KPU: Hasil Quick Count Bukan Hasil Akhir Pemilu

Gambar KPU: Hasil Quick Count Bukan Hasil Akhir Pemilu

Mapos, Jakarta – Sejumlah lembaga survei yang terdaftar secara resmi di KPU sejak pukul 15.00 WIB mulai mengeluarkan hasil quick count Pilpres 2019. Hasil hitung cepat itu bervariasi, tapi memperlihatkan pasangan capres-cawapres nomor urut 01 Jokowi-Ma’ruf unggul dari pasangan capres-cawapres nomor urut 02 Prabowo-Sandi.

KPU kembali mengingatkan kepada seluruh masyarakat bahwa hasil quick count pilpres dari lembaga survei bukan melakukan hasil akhir Pemilu 2019. Proses penghitungan dilakukan secara manual secara berjenjang.

“Kalau ada quick count, ada yang bikin exit poll, jadikan itu sebuah referensi. Jadikan itu sebagai sebuah informasi. Hasil resminya kapan, berapa hasil resminya, ya nanti nunggu ketika KPU menetapkan hasilnya,” kata Ketua KPU Arief Budiman di Taman Suropati Menteng, Jakarta Pusat, Rabu (17/4/2019).

KPU juga mempersilakan kepada pihak yang merasa dirugikan dalam pemilu untuk menyampaikan secara langsung kepada lembaga yang berwenang. KPU meminta agar seluruh peserta pemilu mengikuti aturan main yang berlaku.

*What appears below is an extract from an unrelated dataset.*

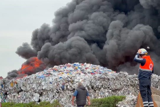 Bomberos de la CDMX y de varios municipios del Estado de México han arribado para combatir las llamas que emanan de los montículos de PET, papel y otros plásticos.

“Apa pun hasil yang ditetapkan, tentu KPU mengajak kita semua untuk bisa percaya terhadap hasil yang ditetapkan. Andaikan memang ada bukti yang cukup bahwa hasil itu tidak sesuai dengan yang Anda lihat, Anda yakini, ruang untuk mengajukan sengketa itu sudah disediakan juga. Sengketa hasil itu bisa diselesaikan di MK,” jelas Arief.

Penetapan 22 Mei

KPU mengungkapkan proses penetapan capres dan cawapres terpilih dalam Pemilu 2019 akan dilakukan pada 22 Mei mendatang. Penetapan dilakukan setelah KPU menghitung suara secara berjenjang.

KPU menjelaskan, alur proses pemungutan hingga penghitungan suara Pemilu 2019. Proses pemungutan dilakukan mulai Rabu 17 April di 809.563 TPS yang tersebar di 34 provinsi di Indonesia.

Sementara untuk proses penghitungan suara akan dilakukan mulai pukul 13.00 waktu setempat dengan dihadiri oleh sejumlah saksi dan pengawas pemilu. KPU memastikan proses penghitungan suara dilakukan secara terbuka dan transparan.

Setelah penghitungan di TPS, rekapitulasi suara akan terus dilakukan secara berjenjang ke tingkat kabupaten/kota hingga provinsi secara manual. KPU memastikan proses rekapitulasi tidak menggunakan bantuan teknologi IT.